Emory is listening to
“September,” Earth, Wind & Fire
This song will always remind me of my first semester of college. I danced to it in a dorm room with three people I had just met. It was the perfect song for four awkward semi-friends because everyone at least knew that one famous line.
Another first semester story (I guess I was desperate for community at that time, how strange!): my dear friend Lily Crandall, who I met on a NYU Welcome Week “Musical Neighborhood” walking tour, showed me this song in the first couple of weeks of us knowing each other. This song will always feel like realizing that I just made a new best friend. Now I play it for everybody! (Bonus points to this song for having no words so people never have to worry about feeling uncool for not knowing them.)

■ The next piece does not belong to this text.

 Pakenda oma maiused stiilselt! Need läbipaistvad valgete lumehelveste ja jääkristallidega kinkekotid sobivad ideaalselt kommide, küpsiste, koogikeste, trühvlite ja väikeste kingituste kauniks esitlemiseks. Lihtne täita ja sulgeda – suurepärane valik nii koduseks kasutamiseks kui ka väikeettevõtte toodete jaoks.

“Pull It Together,” The Greeting Committee
This one is from my playlist called “getting the band back together,” which I made in March 2021 and intended to be played at my first post-COVID indoor gathering with all of my friends, which I assumed would be a few months from then. Quite fittingly, it’s a song about looking forward and getting better with help from other people.
Madeleine is listening to
”Sunday Morning,” No Doubt
My mom and I LOVE Gwen Stefani. And her No Doubt era is my fav. The style... “Sappy pathetic little me/That was the girl I used to be/You had me on my KNEES.”

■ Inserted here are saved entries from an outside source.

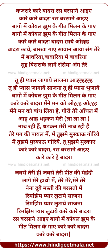Lyrics of Kare Kajrare Badra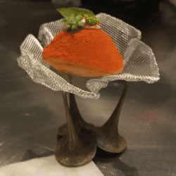 Japanese fruit and herb garnished with Japanese ginger and the texture of a rice krispie treat.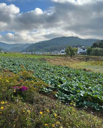 穿过城门,眼前豁然开朗:两侧青山夹道,中间是一片生机盎然的菜园,顿时一股强烈的田园诗画面感涌上心头。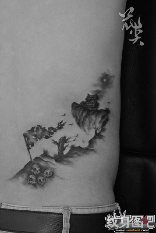 清新淡雅 北京newtattoo纹身店陈洁山水水墨纹身 (一)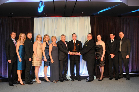 Making the presentation, Terry Lantz, Director of Racing and Race Secretary for Rideau Carleton Raceway. Accepting: John & Mary Lamers, Debra Lamers, Sandy Ashcroft, Jodie Warden, Pat & Karan Fletcher, Curtis Robinson, and Brent & Keegan Baulkham, and driver Randy Waples
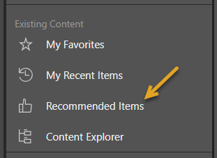 User Recommended items can also be accessed from the Quick Start panel where the Welcome widget preset has been added to the Hub: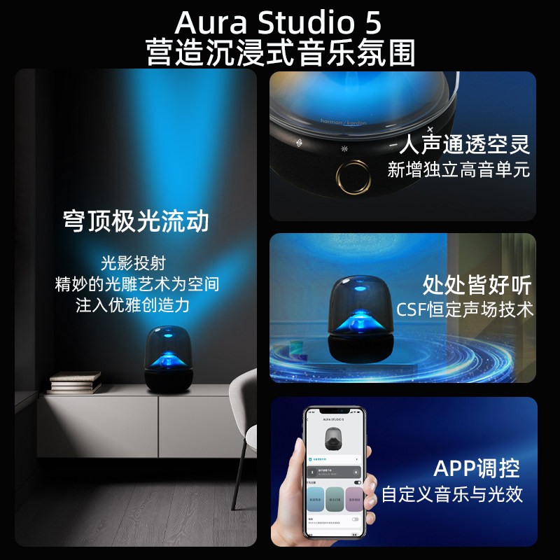 哈曼卡顿音乐琉璃5蓝牙音响2025新款家用桌面氛围电脑音箱礼物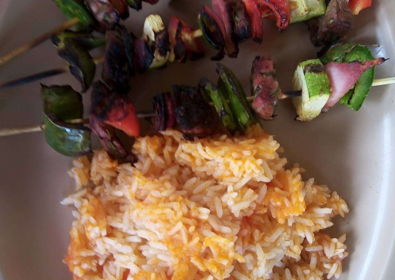 - Después vamos a armar nuestras brochetas alternando la carne y las verduras.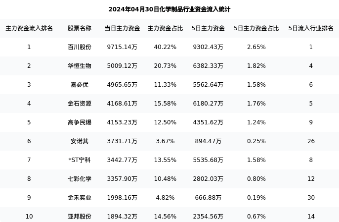 从主力资金流向来看,化学制品行业今日主力资金流入56.56亿元,在所有申万二级行业中排名:42/131。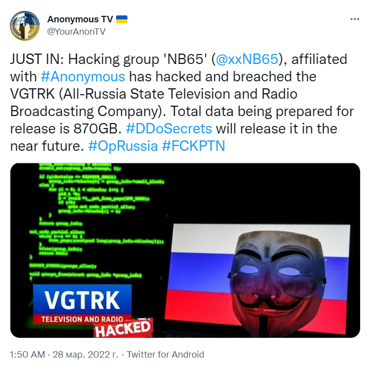 Международная группа хакеров Anonymous продолжает вести кибервойну против России в поддержку Украины. В этот раз кибербойцы взломали ВГТРК (Всероссийскую государственную телевизионную и радиовещательную компанию).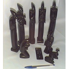 PRESÉPIO, EM ÉBANO, COMPOSTO POR: MARIA (AJOELHADA E REZANDO) (11 CM); JOSÉ (AJOELHADO, SEGURANDO UMA CABRA) (13 CM); MANJEDOURA (8,5X3X2,5 CM); MENINO JESUS (6,5 CM); DUAS CABRAS (6,5 E 5,5 CM); QUATRO REIS MAGOS (25 CM) MAIS UM MEMBRO (25 CM). TODOS ACONDICIONADOS EM CAIXA DE MADEIRA (34,5X24X9,5 CM), COM ENTALHE NAS LATERAIS E, GRAVADO NA TAMPA, DESENHO DE UMA GIRAFA COMENDO FOLHAS.

“For the Sake of the Song,” Townes Van Zandt
This song shatters my heart and makes me giddy at the same time. “Maybe she just has to sing for the sake of the song/And who do I think that I am to decide that she’s wrong?”

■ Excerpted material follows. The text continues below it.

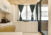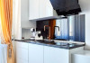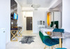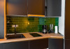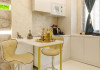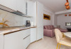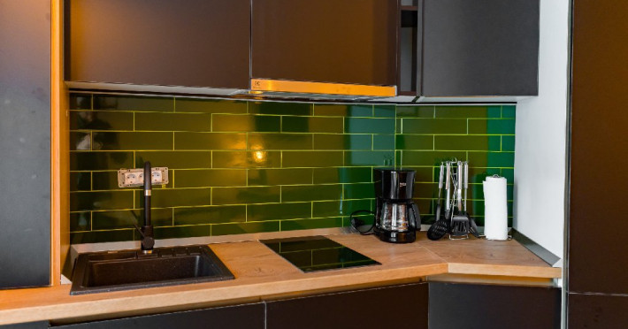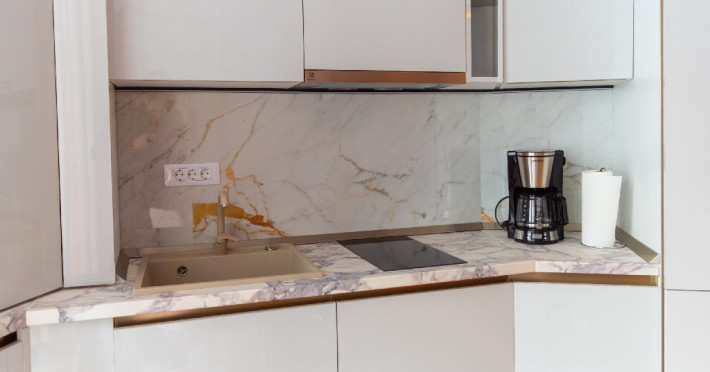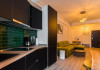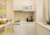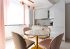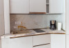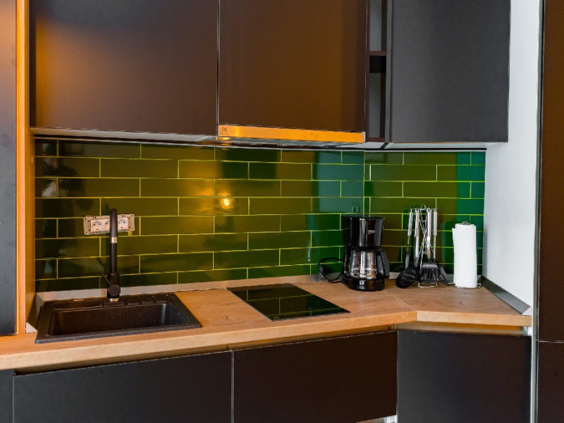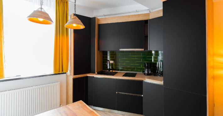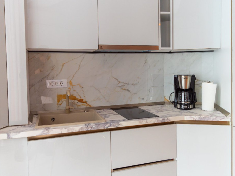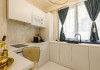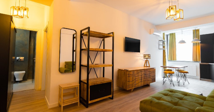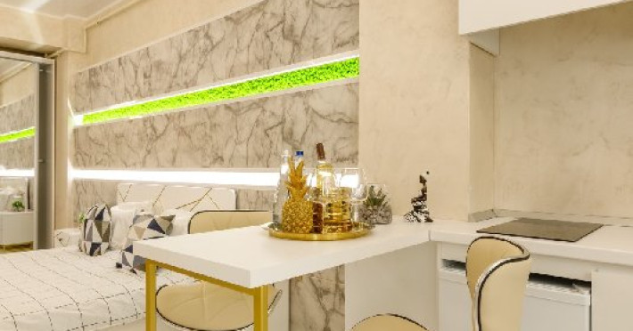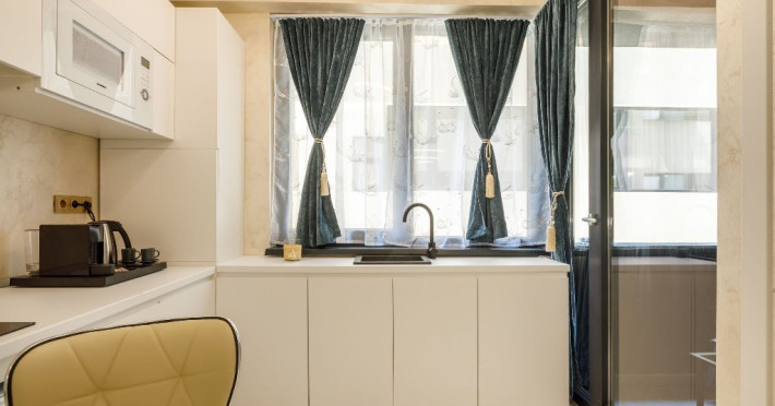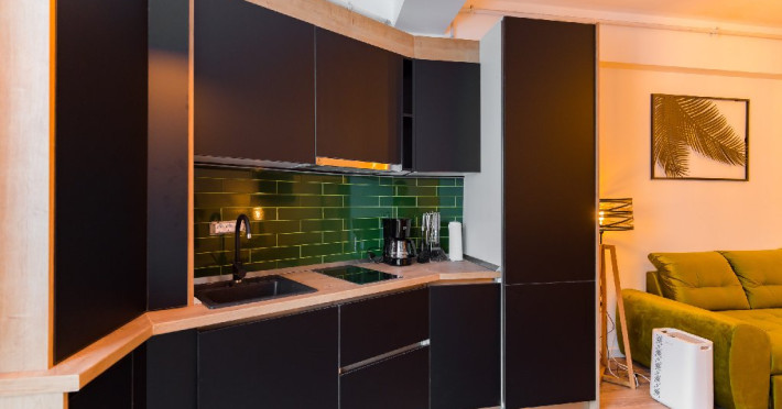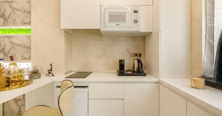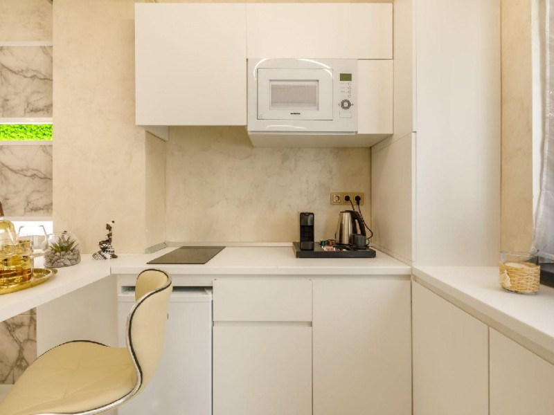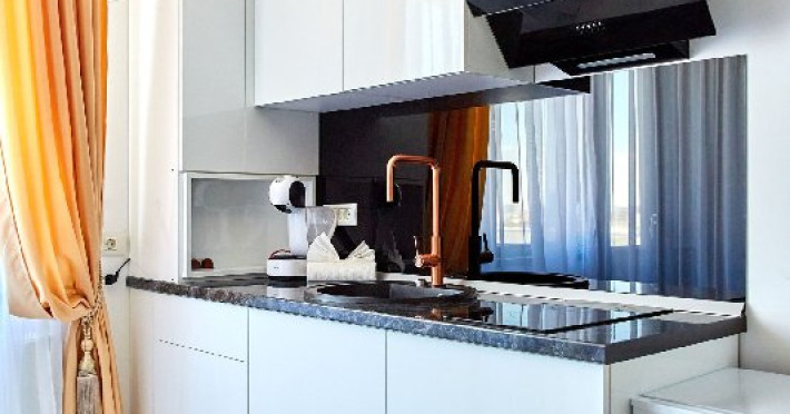 Zona de bucatarie este la fel de impresionanta, cu mobilierul alb curat si blatul care imita marmura, reflectand un gust impecabil si un simt al detaliului. Aceasta este dotata cu plita moderna , hota, aparat de cafea, frigider, vesela. Aici, o masa eleganta, acompaniata de scaune de catifea intr-un ton de verde smarald care rimeaza cu patul, isi asteapta oaspetii sa se bucure de mese intr-o atmosfera selecta. Draperiile galbene adauga un contrast cald si luminos intregii incaperi.

“When My Baby’s Beside Me,” Big Star
This song and this band are SO Memphis, my home town. It makes me feel like I’m driving down East Parkway in September. “Don’t need to talk to talk to my doctor/Don’t need to talk to my shrink …/When my baby’s beside me, I don’t worry.”
Tessa is listening to
|“Making Breakfast,” Twin Peaks
Aptly named for post-sleepover kitchen dance parties, “Making Breakfast” puts me in the mood to dance and sing and make pancakes with my friends all at once.
“Funk,” C-Dot 416, Shang-High
My friend Mark and I no longer communicate via words; all of our correspondence take place via music-sharing. “Funk” is the latest song he’s shared with me and it reminds me of all of the music that we’ve passed back and forth over the years.
“Don’t Swallow the Cap,” The National
The National is reminiscent of so many things: walking the streets of Paris during my semester abroad, slow Sunday mornings drinking coffee with my brother, that one heartbreak. “Don’t Swallow the Cap” specifically triggers all of those associated memories with the people and places that have shaped me.
Cath is listening to
“Tezeta (Nostalgia),” Mulatu Astatke
This song is a playlist must-have whenever I invite people into my space or have the aux cord at a casual get-together. Its easygoing tempo and gentle saxophone create the perfect mood for connecting with others (or helping to calm nerves when social anxiety kicks in… or for when you’re too stoned).
“Once in a Lifetime,” Talking Heads
I will forever associate this song with my group of college friends that became the pulsing heart of my senior year. Two of my college friends just got married and when this song came on at their wedding, it was “the same as it ever was” when we all ran to the dance floor to celebrate.
Nothing feels like “gathering” more than getting the aux cord privilege in a car full of white dudes speeding down a highway in Massachusetts at 1am on Halloween night 2015, putting this song on and have them all fall silent in reverence of this crowdpleaser (save for the one dude who broke the silence to say, “I guess you do know good music”).